(GIVEN DATA Opens)
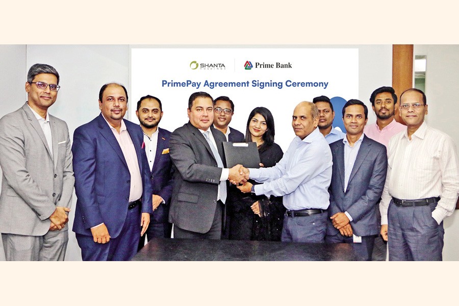 Prime Bank has signed an agreement with Shanta Holdings Limited recently at Shanta Holdings office to bring it under the services of Primepay, Prime Bank's omni digital channel for all types of corporate payments & MIS from anywhere at any time. Additional Managing Director of Prime Bank Faisal Rahman and Executive Director, Group - Finance of Shanta Holdings Md. Anisul Hoque, were present at the signing ceremony.
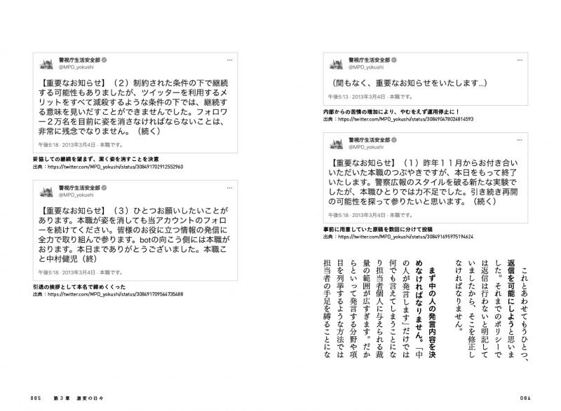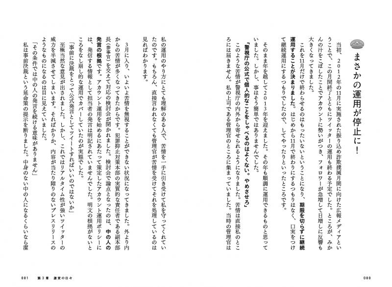 Twitterの運用を始めるまでには、警視総監の決裁が必要だった。運用ポリシーも定め、アカウントのIDも後に続く(であろう)警視庁アカウントに統一性を持たせるのを前提に決める。先駆者とは大変な苦労をしている。とはいえ愚痴混じりでも「中の人」、楽しそうだ。誤爆しても内側から足を引っ張られても負けない。企業公式Twitterは結果を求められがちだけど、これは固い土を耕す耕運機である。いつか豊作になる日のために地道に活動をするのである。身にしみるなぁ。
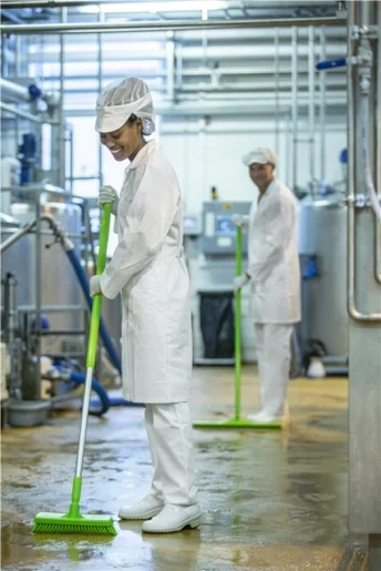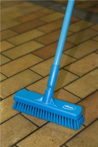 Щетка имеет жесткий ворс. Длина ворса идеально подходит для мытья любых типов покрытий полов: эпоксидного, кафельного, цементного и т.д. Хорошо вычищает грязь на неровных поверхностях.
(GIVEN DATA Closes)
> PROBLEM REQUIREMENTS
Everything but the pictures is needed: copy the data above exactly.

> OUTPUT OF THE EXERCISE
 Prime Bank has signed an agreement with Shanta Holdings Limited recently at Shanta Holdings office to bring it under the services of Primepay, Prime Bank's omni digital channel for all types of corporate payments & MIS from anywhere at any time. Additional Managing Director of Prime Bank Faisal Rahman and Executive Director, Group - Finance of Shanta Holdings Md. Anisul Hoque, were present at the signing ceremony.
 Twitterの運用を始めるまでには、警視総監の決裁が必要だった。運用ポリシーも定め、アカウントのIDも後に続く(であろう)警視庁アカウントに統一性を持たせるのを前提に決める。先駆者とは大変な苦労をしている。とはいえ愚痴混じりでも「中の人」、楽しそうだ。誤爆しても内側から足を引っ張られても負けない。企業公式Twitterは結果を求められがちだけど、これは固い土を耕す耕運機である。いつか豊作になる日のために地道に活動をするのである。身にしみるなぁ。
 Щетка имеет жесткий ворс. Длина ворса идеально подходит для мытья любых типов покрытий полов: эпоксидного, кафельного, цементного и т.д. Хорошо вычищает грязь на неровных поверхностях.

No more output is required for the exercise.